#### [WHAT IS NEEDED]
Please reproduce the lines from the one containing "Hello Kitty 在花旁" through the end of the data below exactly as they stand, and omit all pictures.

──────── EXERCISE DATA

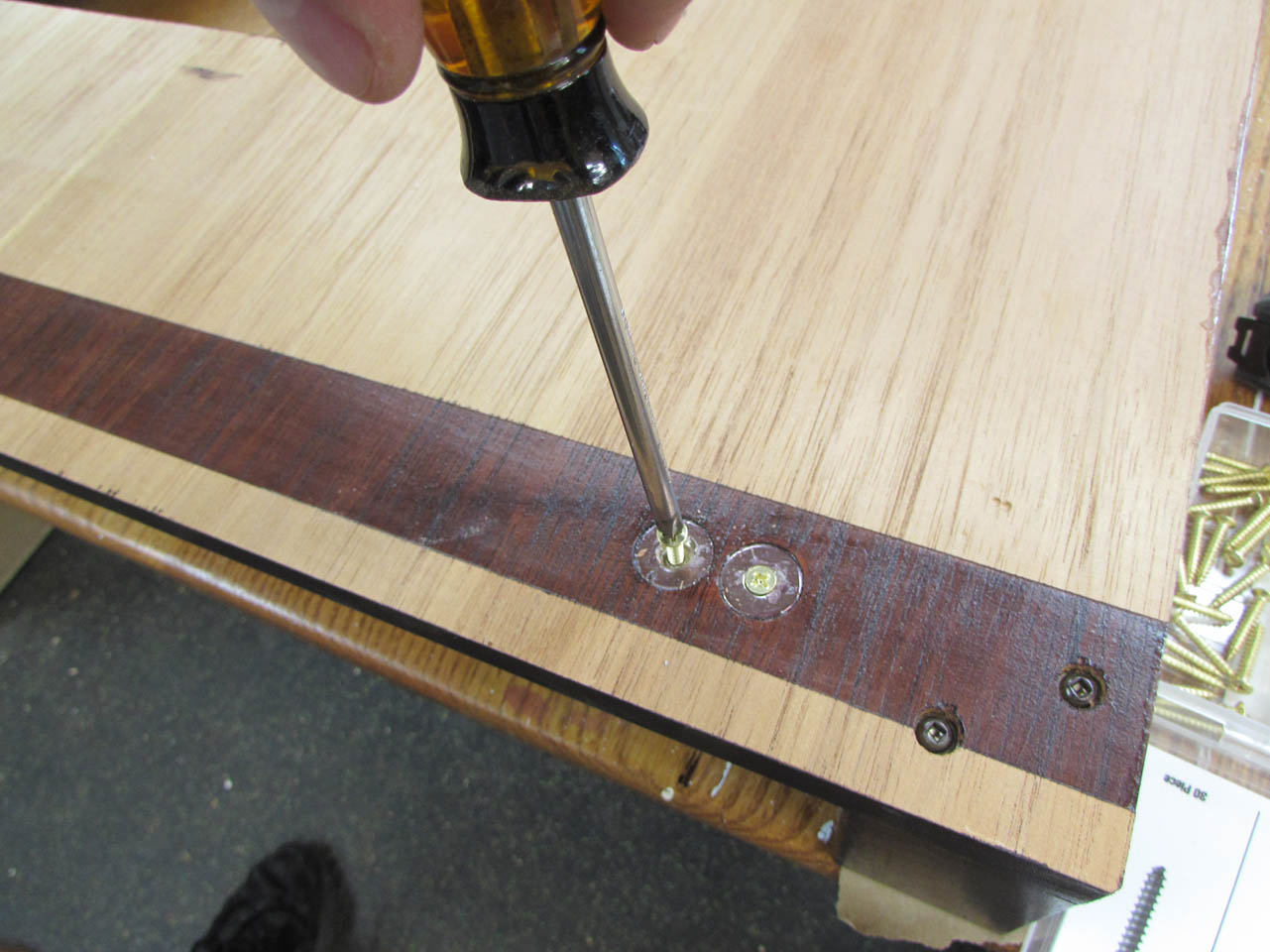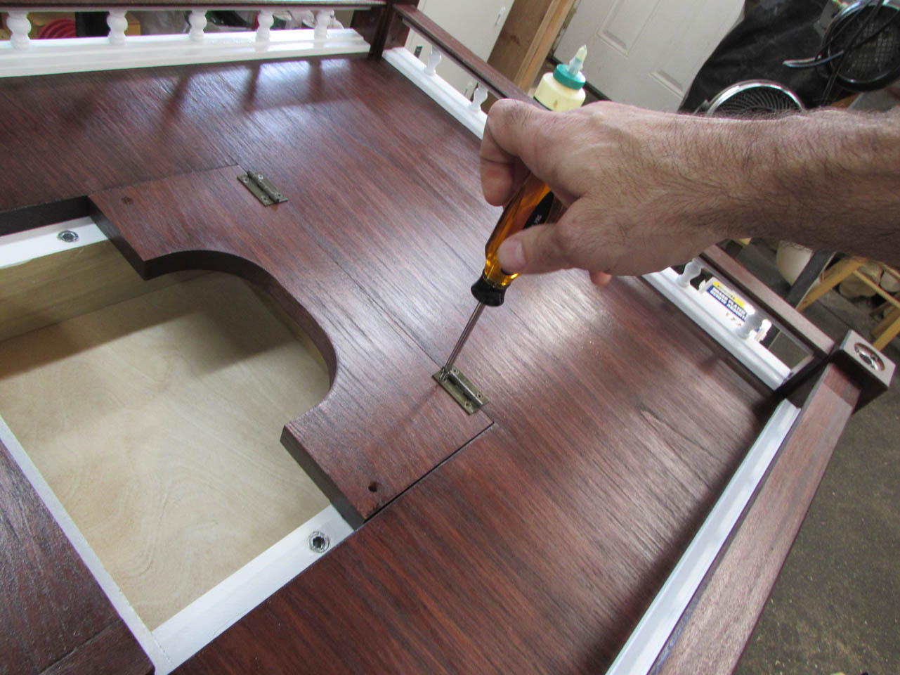 When I know everything is oriented the way it was when I installed the hardware, the first time, I can remove the top and put glue on top of all of the structural ribs, then reinstall the top.
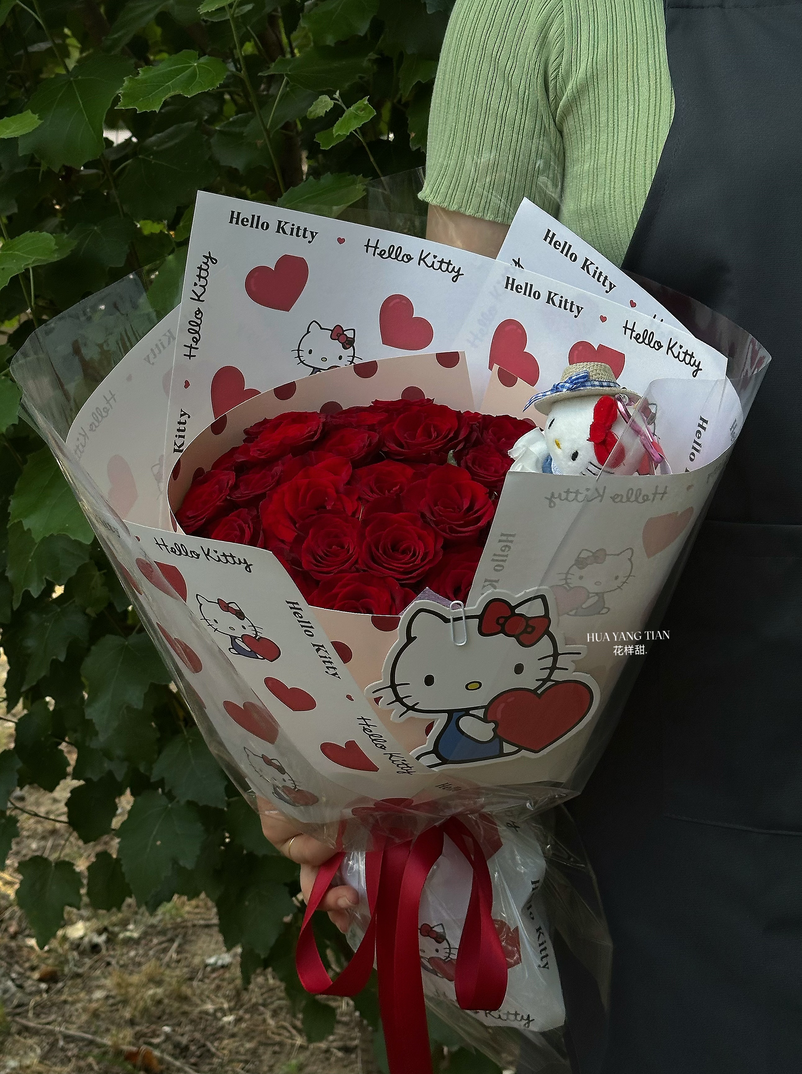 Hello Kitty 在花旁
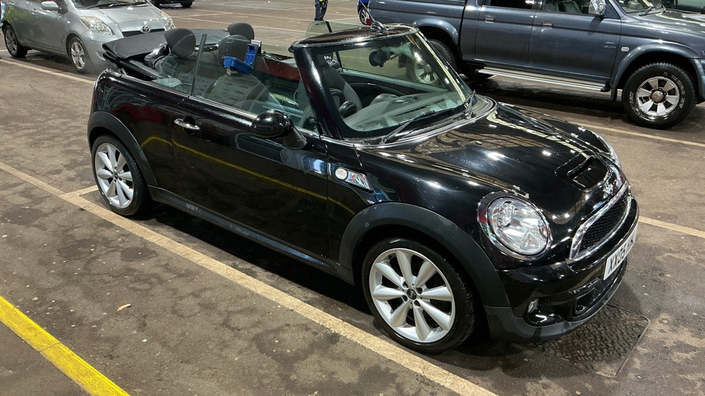 SevenoaksFull Service History, DUE IN MORE MINI's ON OUR WEB SITE www.emcmsales.co.uk OVER £4800 of MINI EXTRAS RARE BLACK EDITION Boasting exceptionally low mileage for its age, this 2012 MINI Convertible Cooper Black S is a rare find. With only 3 owners and a full service history, including its last service on 5th November 2025 at 39,542 miles, this vehicle has been meticulously maintained. The 1.6L petrol engine offers an engaging driving experience, complemented by desirable features such as BiXenon headlights, the CHILI Pack, and Bluetooth telephone and audio connectivity. Practicality is enhanced with rear Park Distance Control, and the interior is finished with stylish ClothLeather Ray in Carbon Black. This MINI Convertible Cooper S is ready for its next adventure, coming with 12 months MOT provided on purchase and a 3 month warranty for your peace of mind. Its fuel economy of 47 mpg is a significant highlight, demonstrating its efficiency compared to similar vehicles. Furthermore, its low CO2 emissions contribute to a more environmentally conscious drive. With a very low mileage of just 39,838 miles, this car represents excellent value and is sure to be a joy to own and drive.

────────────────

#### [OUTPUT OF THE EXERCISE]
 Hello Kitty 在花旁
 SevenoaksFull Service History, DUE IN MORE MINI's ON OUR WEB SITE www.emcmsales.co.uk OVER £4800 of MINI EXTRAS RARE BLACK EDITION Boasting exceptionally low mileage for its age, this 2012 MINI Convertible Cooper Black S is a rare find. With only 3 owners and a full service history, including its last service on 5th November 2025 at 39,542 miles, this vehicle has been meticulously maintained. The 1.6L petrol engine offers an engaging driving experience, complemented by desirable features such as BiXenon headlights, the CHILI Pack, and Bluetooth telephone and audio connectivity. Practicality is enhanced with rear Park Distance Control, and the interior is finished with stylish ClothLeather Ray in Carbon Black. This MINI Convertible Cooper S is ready for its next adventure, coming with 12 months MOT provided on purchase and a 3 month warranty for your peace of mind. Its fuel economy of 47 mpg is a significant highlight, demonstrating its efficiency compared to similar vehicles. Furthermore, its low CO2 emissions contribute to a more environmentally conscious drive. With a very low mileage of just 39,838 miles, this car represents excellent value and is sure to be a joy to own and drive.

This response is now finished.